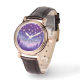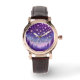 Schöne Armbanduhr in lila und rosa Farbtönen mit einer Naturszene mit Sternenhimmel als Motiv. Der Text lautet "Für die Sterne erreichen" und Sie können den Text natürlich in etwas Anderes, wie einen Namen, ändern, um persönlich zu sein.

* * *

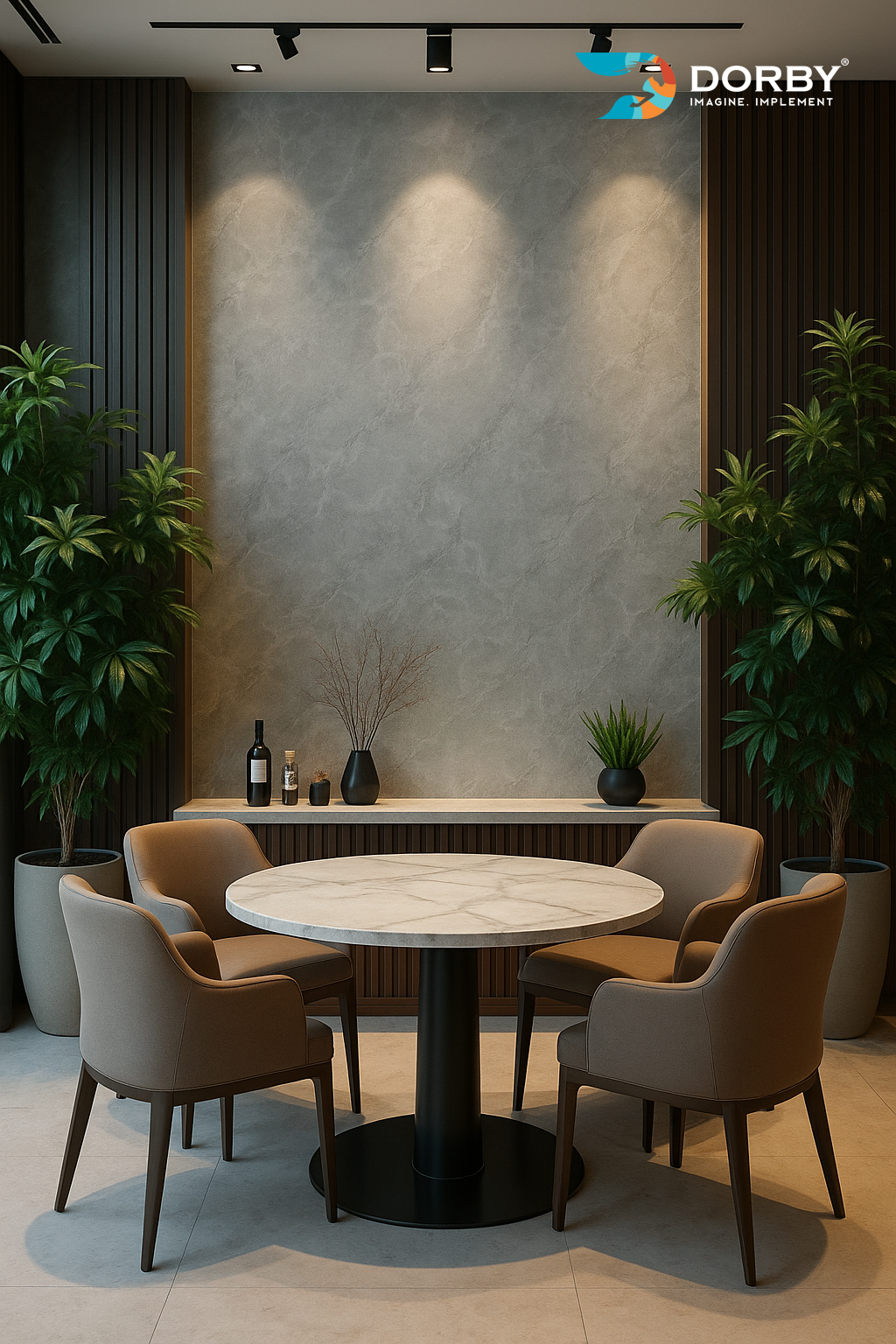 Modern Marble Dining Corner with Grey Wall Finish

--

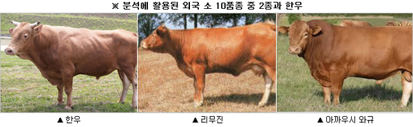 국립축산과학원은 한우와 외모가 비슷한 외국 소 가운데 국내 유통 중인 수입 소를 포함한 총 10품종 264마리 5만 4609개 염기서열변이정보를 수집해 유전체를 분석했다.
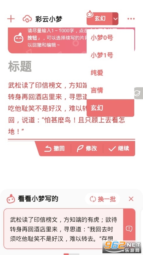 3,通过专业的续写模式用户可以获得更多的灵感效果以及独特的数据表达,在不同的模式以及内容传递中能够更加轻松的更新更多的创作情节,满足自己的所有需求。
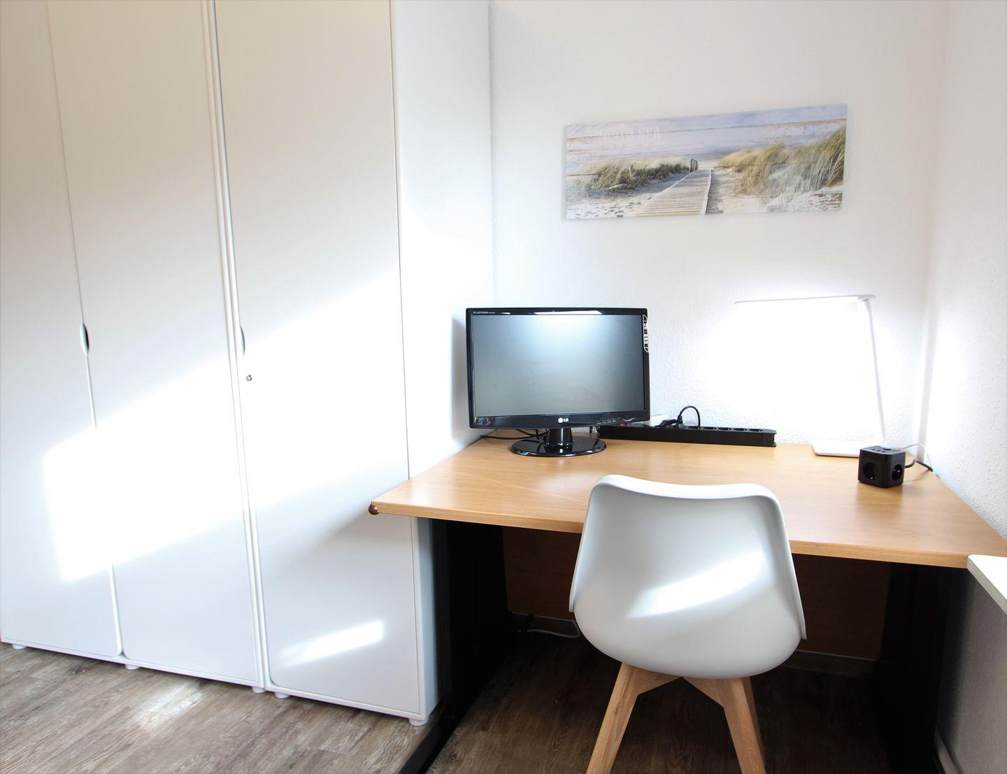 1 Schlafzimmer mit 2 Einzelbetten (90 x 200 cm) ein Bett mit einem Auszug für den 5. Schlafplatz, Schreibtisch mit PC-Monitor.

How to complete this task —
An exact copy of the lines above from the one with "3,通过专业的续写模式用户可" up to and including the one with "1 Schlafzimmer mit" is required; reproduce only those lines, omitting all pictures.

Your response —
 3,通过专业的续写模式用户可以获得更多的灵感效果以及独特的数据表达,在不同的模式以及内容传递中能够更加轻松的更新更多的创作情节,满足自己的所有需求。
 1 Schlafzimmer mit 2 Einzelbetten (90 x 200 cm) ein Bett mit einem Auszug für den 5. Schlafplatz, Schreibtisch mit PC-Monitor.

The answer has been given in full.